For customized algorithms, there are two ways to describe them:

1. :doc:`Register the algorithm </hpo/custom_algorithm_installation>` to use it like built-in. (preferred)

2. Specify code directory and class name directly.

.. list-table::
    :widths: 10 10 80
    :header-rows: 1

    * - Field Name
      - Type
      - Description
    
    * - name
      - ``str`` or ``None``, optional
      - Default: None. Name of the built-in or registered algorithm, case insensitive.
        ``str`` for the built-in and registered algorithm, ``None`` for other customized algorithms.

    * - className
      - ``str`` or ``None``, optional
      - Default: None. Qualified class name of not registered customized algorithm.
        ``None`` for the built-in and registered algorithm, ``str`` for other customized algorithms.
        example: ``"my_tuner.MyTuner"``

    * - codeDirectory
      - ``str`` or ``None``, optional
      - Default: None. Path_ to the directory containing the customized algorithm class.
        ``None`` for the built-in and registered algorithm, ``str`` for other customized algorithms.

    * - classArgs
      - ``dict[str, Any]``, optional
      - Keyword arguments passed to algorithm class' constructor.
        See algorithm's document for supported value.

TrainingServiceConfig
^^^^^^^^^^^^^^^^^^^^^

One of the following:

- `LocalConfig`_
- `RemoteConfig`_
- `OpenpaiConfig`_
- `AmlConfig`_
- `DlcConfig`_
- `HybridConfig`_
- :doc:`FrameworkControllerConfig </experiment/training_service/frameworkcontroller>`
- :doc:`KubeflowConfig </experiment/training_service/kubeflow>`

.. _reference-local-config-label:

LocalConfig
-----------

Introduction of the corresponding local training service can be found :doc:`/experiment/training_service/local`.

.. list-table::
    :widths: 10 10 80
    :header-rows: 1

    * - Field Name
      - Type
      - Description

    * - platform
      - ``"local"``
      -
    
    * - useActiveGpu
      - ``bool``, optional
      - Default: ``False``. Specify whether NNI should submit trials to GPUs occupied by other tasks.
        Must be set when ``trialGpuNumber`` greater than zero.
        Following processes can make GPU "active":

          - non-NNI CUDA programs
          - graphical desktop
          - trials submitted by other NNI instances, if you have more than one NNI experiments running at same time
          - other users' CUDA programs, if you are using a shared server
          
        If you are using a graphical OS like Windows 10 or Ubuntu desktop, set this field to ``True``, otherwise, the GUI will prevent NNI from launching any trial.
        When you create multiple NNI experiments and ``useActiveGpu`` is set to ``True``, they will submit multiple trials to the same GPU(s) simultaneously.

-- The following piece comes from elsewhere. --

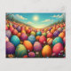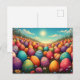 Um campo interminável de ovos de Páscoa lindamente pintados brilha sob um sol macio. As cores alegres e os padrões brincalhões dos ovos espalham uma atmosfera de alegria e segurança. As coloridas flores da primavera florescem entre os ovos e completam a pacífica paisagem sonhadora. Um lugar cheio de magia que desperta memórias de infância e a antecipação da Páscoa neutra.

    * - maxTrialNumberPerGpu
      - ``int``, optional
      - Default: ``1``. Specify how many trials can share one GPU.

    * - gpuIndices
      - ``list[int]`` or ``str`` or ``int``, optional
      - Limit the GPUs visible to trial processes.
        If ``trialGpuNumber`` is less than the length of this value, only a subset will be visible to each trial.
        This will be used as ``CUDA_VISIBLE_DEVICES`` environment variable.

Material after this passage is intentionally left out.